I completely, wholly, 100% disagree with this. I turned out just fine and I was spanked or slapped as a kid when I did something wrong. I'm 22 now and I rarely even curse because the first time I did I got spanked, I am a straight A student my whole life, and don't participate in negative behaviors like drugs, smoking, or drinking to the point of beig drunk. I whole heartedly believe that I turned out well because I was brought up right, with punishment where it was needed and encouragement and praise where it was deserved.

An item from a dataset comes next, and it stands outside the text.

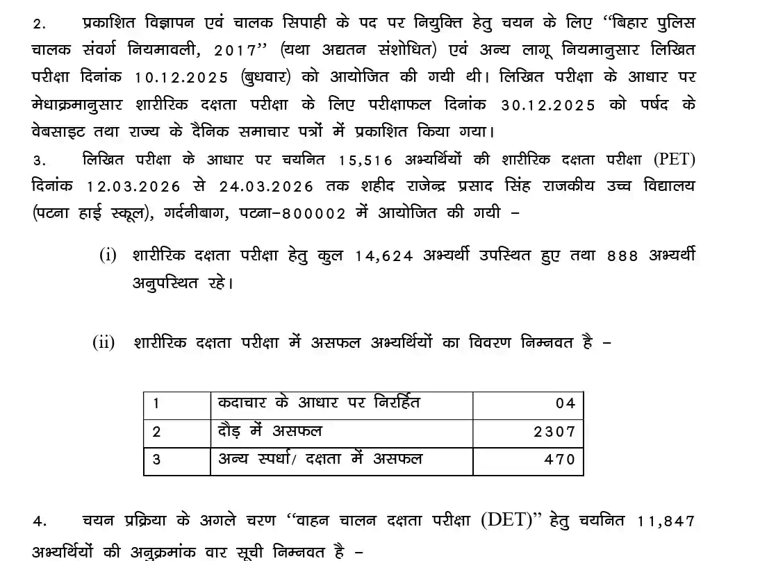 PET के आधार पर कुल 11,847 अभ्यर्थियों को अगले चरण, यानी मोटर वाहन चालन दक्षता परीक्षा (DET) के लिए चयनित किया गया है। चयनित उम्मीदवारों की सूची पर्षद की आधिकारिक वेबसाइट पर है.
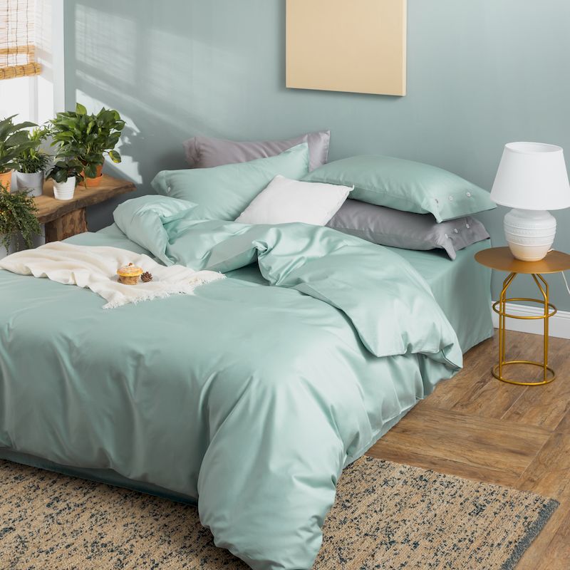 (总)涞澳家纺 2026新款全棉纯棉水洗棉纯色花边款四件套-珠若,珠若-米白,珠若-浅灰,珠若-浅绿,珠若-浅玉

I believe, based on what I see today, kids that are out there shooting cars, killing small animals, disobeying their parents, etc are a result of TV parents and lazy human parents. Far too many children are left to their own devices now, without proper parenting. I can't believe the amount of times I go to wal mart and see children screaming and shouting because they want something- and the parents give it to them!!! WTH? Positive reinforcement for a negative behavior breeds more negative behavior. Of course now if parents were to actually step up and slap their kids, some one would call the cops!! Heck, even children will call the police now if they get spanked! It's ridiculous. A good spanking when needed is not going to harm the child. Now I'm not talking belts and beating, but a spanking yes.

Sorry, this is one of those subjects that really irks me, and I have to question their sample base. The information can so easily be skewed.
 
Think it depends on the parent. I occasionally got a short smack, but my father completely lost it with my younger brother on a couple of occasions and beat him to the point where he had to be kept off school in order to avoid questions about the bruises.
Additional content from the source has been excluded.